In their first moments behind the scenes, Winnie had spoken of trusting to instinct. Now she had clearly slipped into that mode.
Shifts in temperature and air currents and an impression of black-on-black crossings signaled intersections. Winnie barreled through them, taking her and Bray left or right without a moment’s hesitation.
Abruptly she slowed, stopped. “That’s the place. I’m sure of it.” She raised her arm and pointed.
Two boxes of light floated ahead, canted at a peculiar angle. Bray felt imbalanced in their presence. They hovered there like pointillist paintings stippled in gradations of gray, a sense of menace emanating from them.
“Careful now,” said Bray, tensing to grapple with their killer friend.
To the right of each box was a recess, the place from which the light was coming. Bray imagined a figure crouched to spring. Winnie wouldn’t have a chance.
“Let me by,” he said.
He gripped her, turned her, maneuvering past her. Do it, he thought, don’t let fear creep in. He raised his hands defensively as he walked into the light and turned toward the recess.
Nothing.
No… but… tricked!
The slasher was there below, ready to spring. Bray’s skin flushed with quick sweeps of heat. His eyes were still adjusting. The slasher charging at him had the advantage.

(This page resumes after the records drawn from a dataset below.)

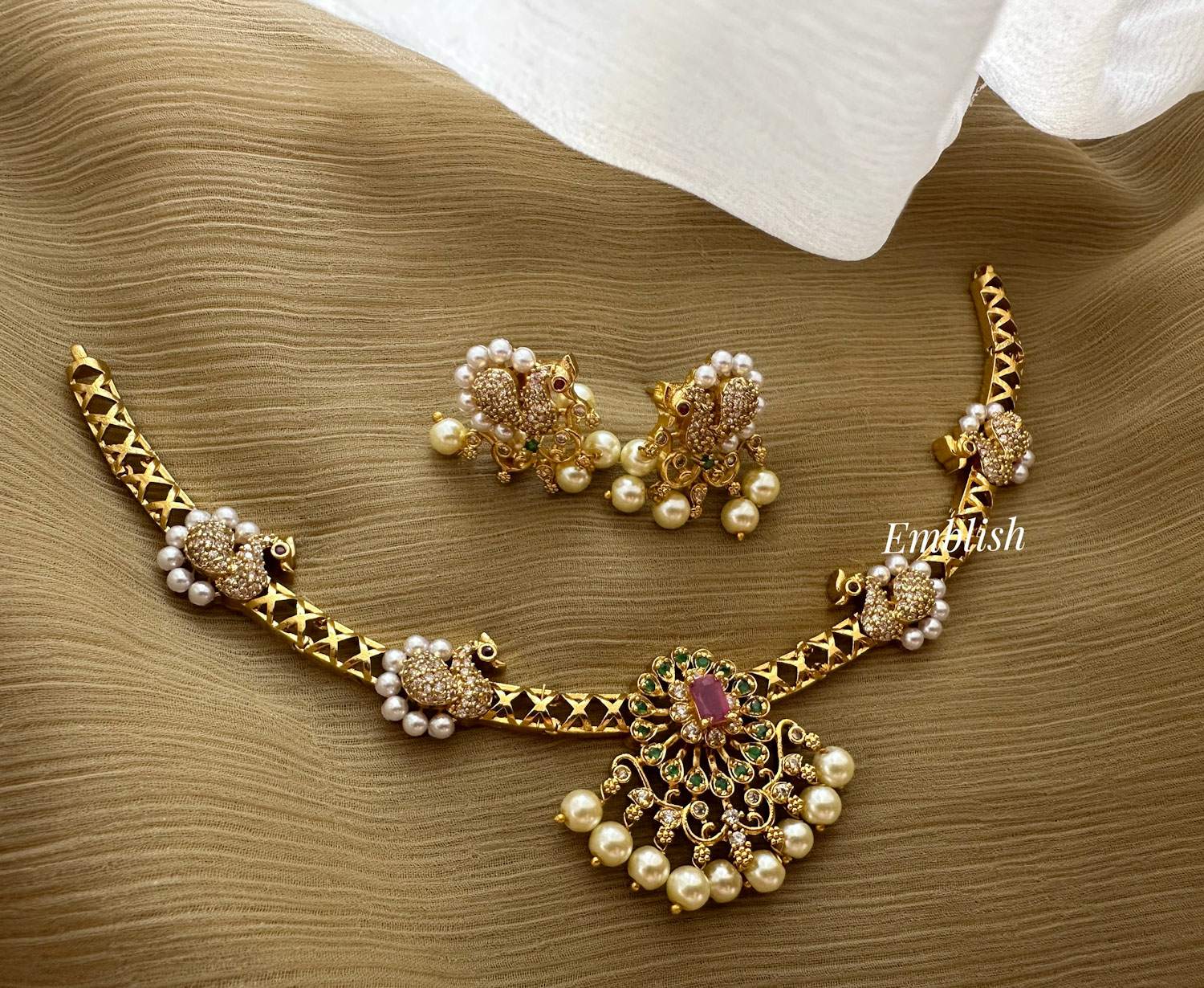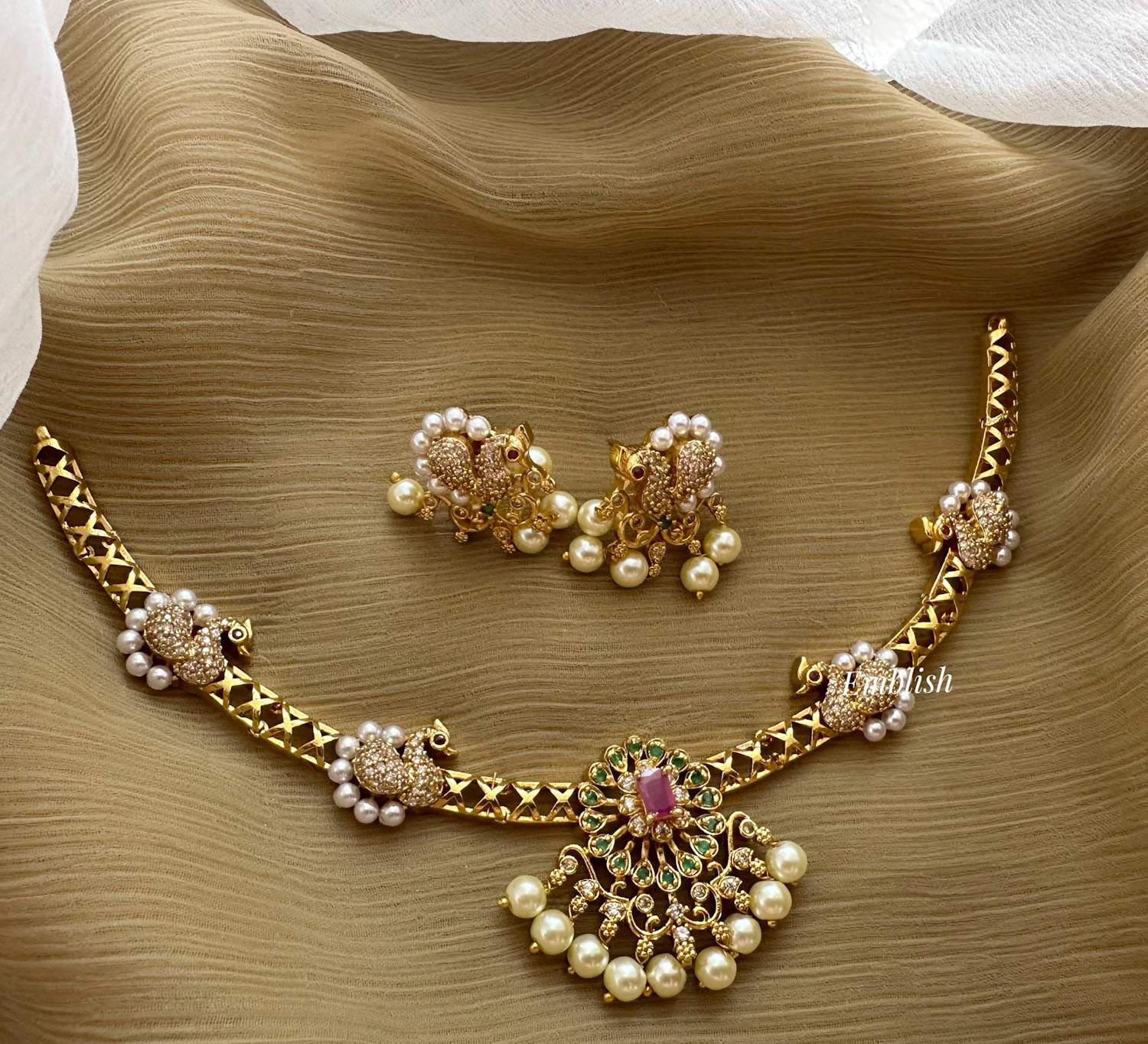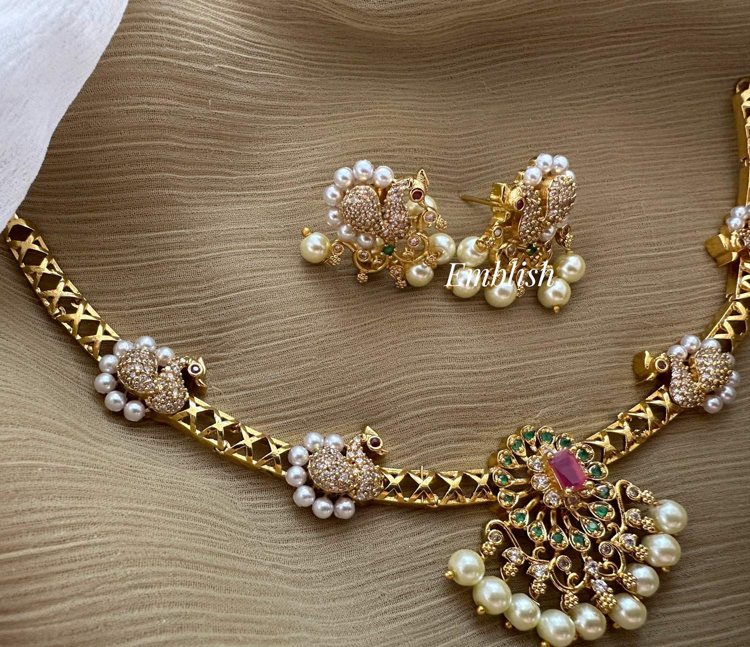 Premium quality. American diamond stones.Short neckpiece. Drop lenght approximately 20cm.C..
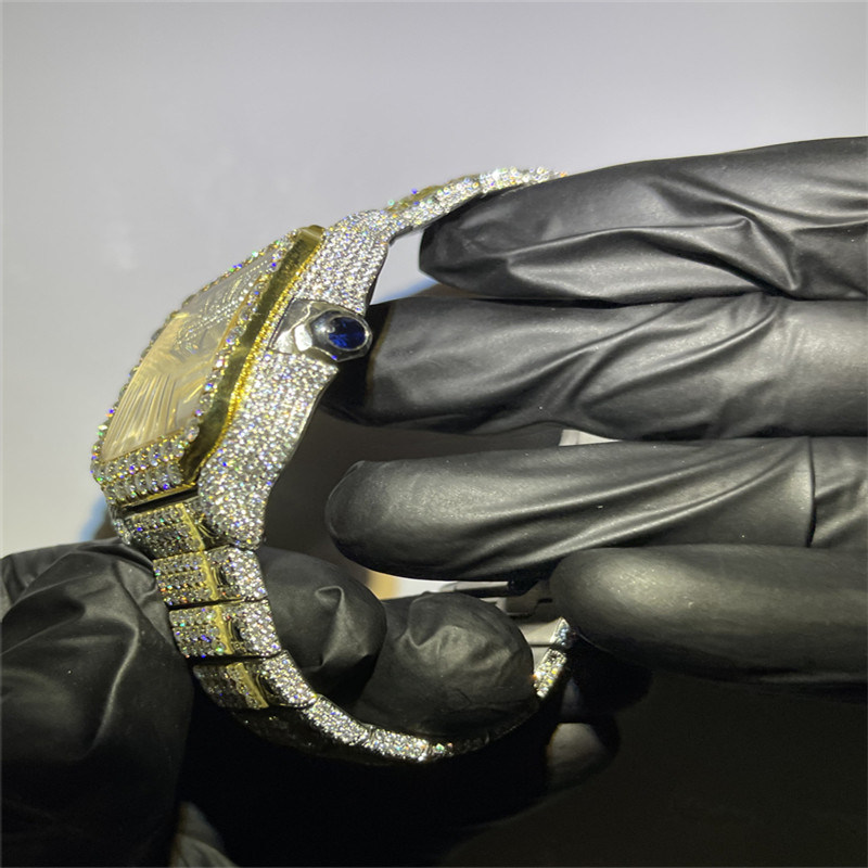 os buss dos homens para baixo congelaram inteiramente para fora o relógio mais do moissanite do relógio luxuoso do diamante do moissanite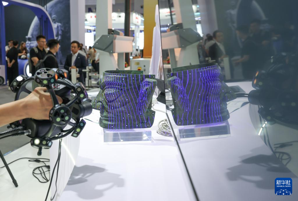 9月5日,工作人员在2025世界智能产业博览会上演示跟踪式三维扫描仪。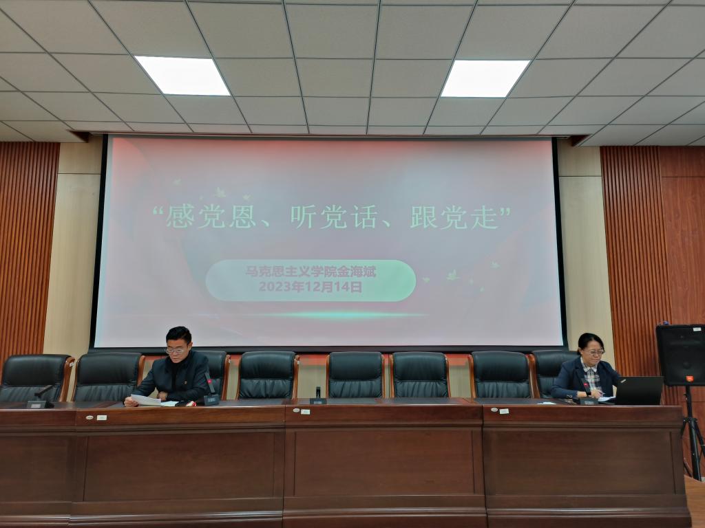 2023年12月14日下午,学院特邀请校宣讲团成员、马克思主义学院副院长金海斌教授来院做主题宣讲。宣讲会在秋实副楼418会议室举行,学院领导班子、全体教职工参会聆听。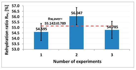 The rehydration ratio Rw measured from three independent experiments ranged from 54.595% to 56.047%, with an average value of Rw = 55.142 ± 0.789% (n = 3). Figure 10 illustrates the variation in rehydration capacity, with error bars representing the standard deviation of the dataset. These results demonstrate that the dried samples exhibited good rehydration capacity, with an average recovery rate of 55.14% relative to the amount of water lost during drying. This value is slightly higher than the 54% reported by Xiao-Fei Wu [6]. Moreover, the rehydration process occurred rapidly, with most water uptake completed within approximately 150 s, underscoring one of the key advantages of the freeze-drying method.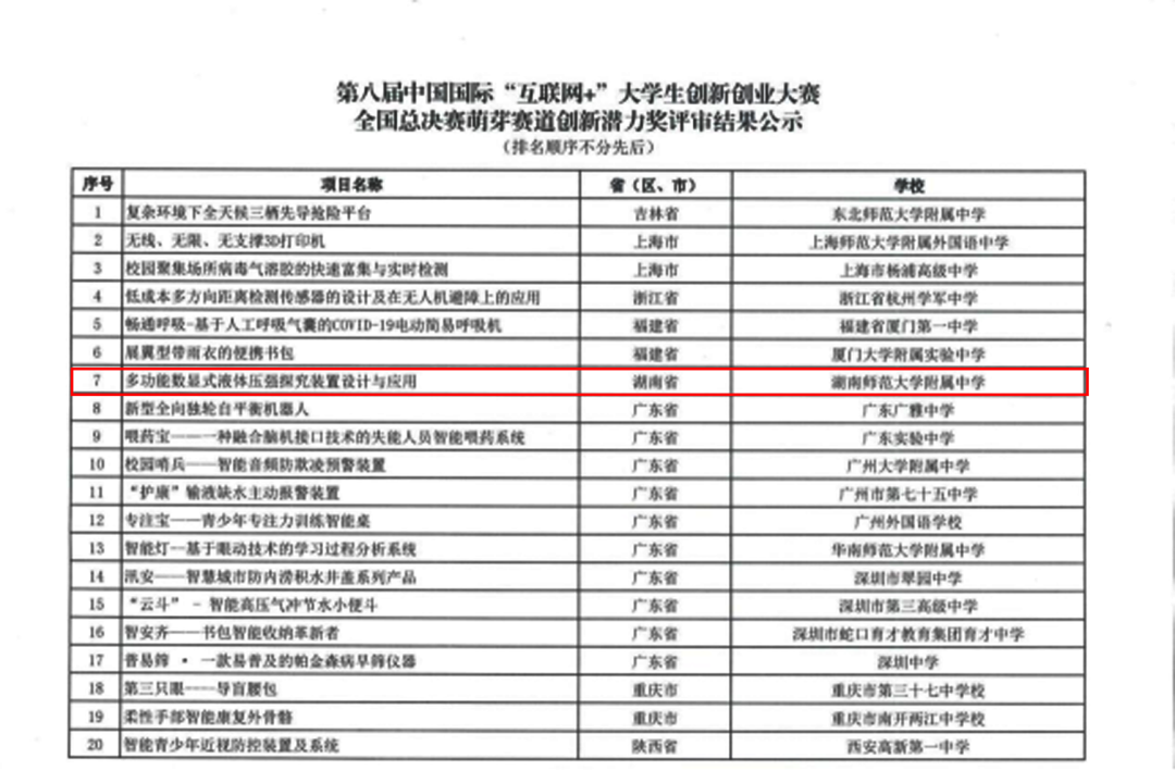 湖南师大附中一直重视创新人才培养,为学有兴趣、学有余力、学有特长、素质全面的中学生在科技创新方面提供强有力的支撑和广阔的发展空间。学校把科技创新作为卓越课程精心打造,加大投入建设科技创新体验平台,引导学生以创新形式认识世界,提出问题、探索问题、分析问题,动手实践,培养批判性思维、合作能力、创新能力。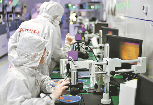 Рабочие на производственной линии микросхем технологической компании в городе Шиши провинции Фуцзянь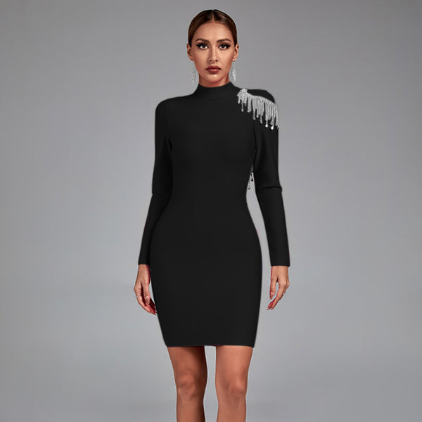 Robe bandage mi-longue à manches longues et épaules dénudées
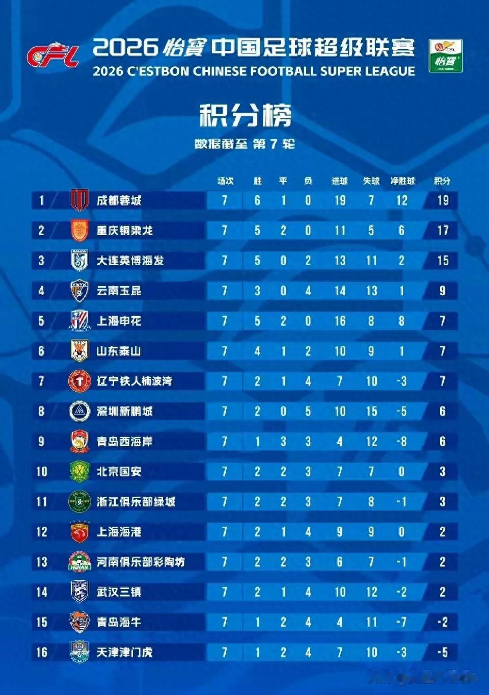 积分榜前三球队:1. 成都蓉城:7战6胜1平积19分,稳居积分榜第一位。
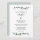 Aqui está uma simples e moderna escolha de convite para casamento para vocês amantes de verde e todas as coisas naturais e bonitas. O design apresenta duas imagens folígicas graciosas na parte superior e inferior da placa. No centro estão as suas informações de casamento. O verso da carta é uma sombra de verde pálido e poeirento que complementa a folhagem na frente. Você pode adicionar uma foto ou qualquer informação que queira na parte traseira do cartão. Por favor, veja a suíte de casamento para outros produtos usando esta design. Se você tiver uma pergunta sobre design ou quiser ver este design em outro produto, por favor, sinta-se à vontade para entrar em contato comigo em jschmidtdesignworks@gmail.com. Design © Judith Schmidt.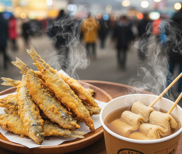 맛있게 튀겨진 빙어 튀김 접시와 어묵탕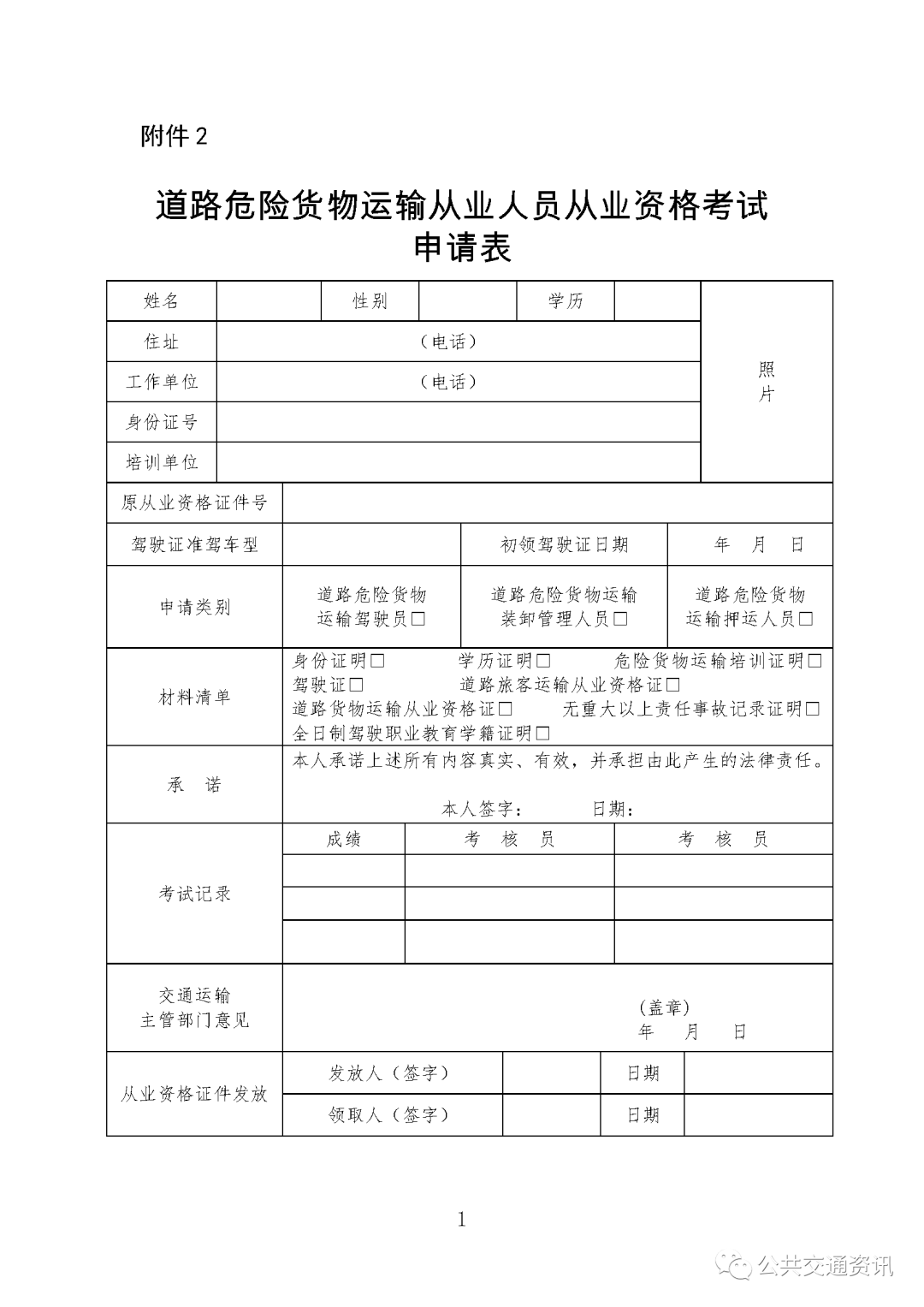 第十六条 申请参加道路危险货物运输驾驶员从业资格考试的,应当向其户籍地或者暂住地设区的市级交通运输主管部门提出申请,填写《道路危险货物运输从业人员从业资格考试申请表》(式样见附件2),并提供下列材料: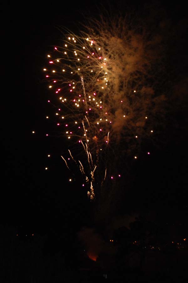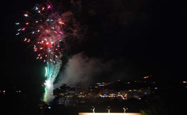 El concert va ser interromput pels focs d’artifici, per superposició dels actes. Per cert, si tornen a coincidir, només cal anunciar la vista dels focs des de la magnífica talaia que és sa Torre Cega. Els focs en si mateixos resultaren bons, molt bons. Ja duim un parell d’anys amb bons castells de focs, malgrat sempre facin gust de poc. És cert que sempre semblen curts, però tant pel ritme com per la seva espectacularitat (i el marc del port) cada any convoquen una gernació de gent, que gaudeix d’un espectacle molt especial.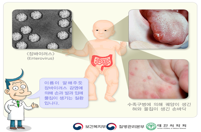 질병관리본부에 따르면 최근 수족구병은 왜래 환자 1000명당 15주차(4월 7~13) 2.5명으로 13주차 보다 0.7명 증가하고 있고 장 바이러스 감염으로 발열 및 입안에 물집과 궤양, 손과 발에 수포성 발진이 특징이라고 설명했다.
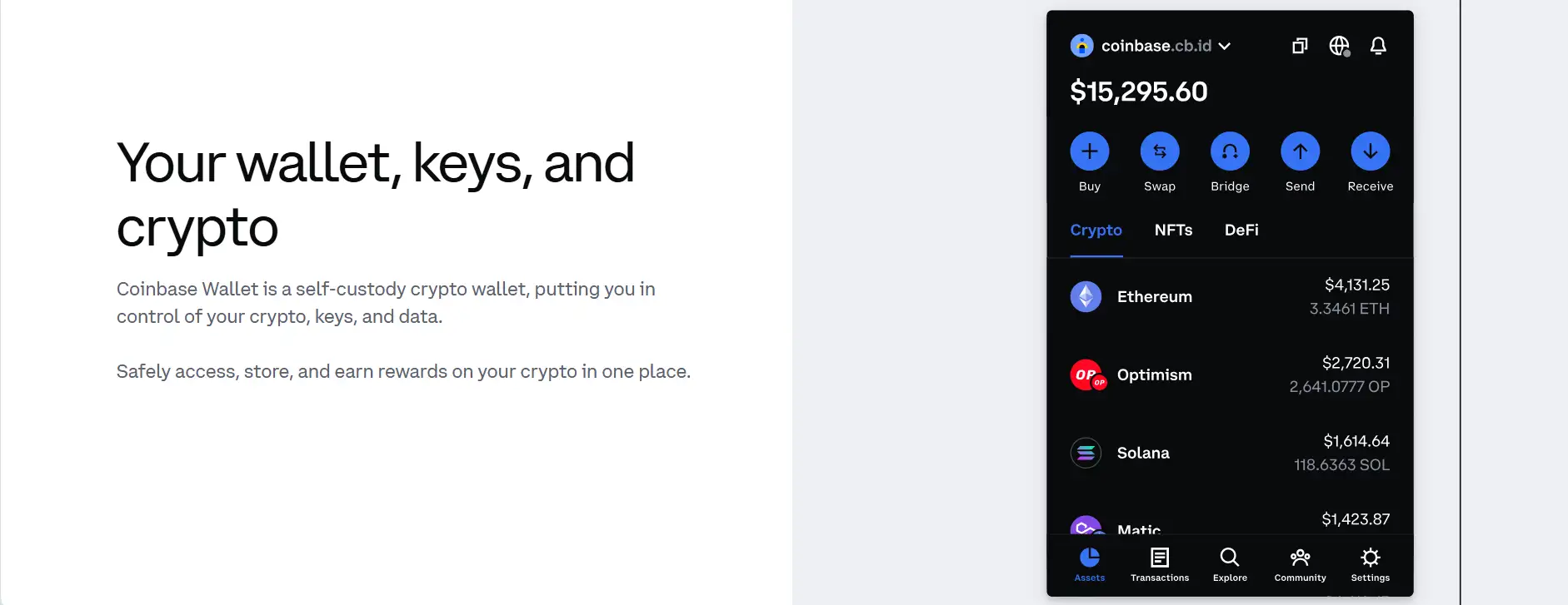 - Self-Custody by Design: Private keys are stored on your device—not by Coinbase. Full control, zero compromises.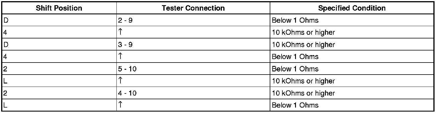 (b) Measure resistance according to the value(s) in the table below when the shift lever is moved to each position.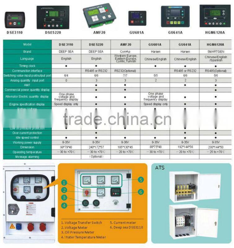 | The control panel is general control panel, with the display of voltage,current, frequency, water temperature, oil pressure. The general control panel is composed of circuit breakers, ammeter, voltmeter, frequency tables, water temperature, oil pressure gauge, oil temperature gauge, tachometer, timer and current transformer and so on, can complete the diesel generator set start and stop, power supply and power control function, and the generator set running for measurement, display, overload alarm and protection | ||||||||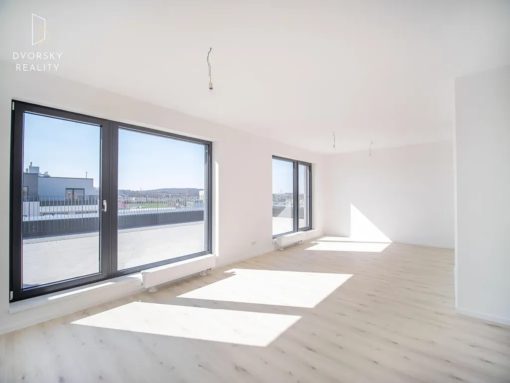 Dominantou bytu je promyšlený obytný prostor s přípravou na kuchyňskou linku a veškeré spotřebiče. Samozřejmostí je kompletní kabelová infrastruktura, datové rozvody v každé obytné místnosti a domácí videotelefon.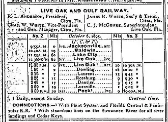 | Live Oak & Gulf Railway | ||||||||||||||||||||||||||||||||||||||||||||||||||||||||||||||||||||

A knife lunged from the darkness.
Nothing.
No movement at all. No slasher. No knife.
Winnie came up to him. She peered down, then averted her eyes. “Christ,” she said.
Crouching closer, he saw what Winnie had seen. Another victim, some old guy, a teacher type, someone he’d never seen. The angle the man’s head lay at made no sense.
Then Bray saw that his neck had been brutally sliced open. There was blood everywhere. A crude parabola of gore coated one segment of the glass, a window onto an empty restroom.
I’m not seeing this, he told himself.
“Bray?” Winnie’s throat was flayed raw.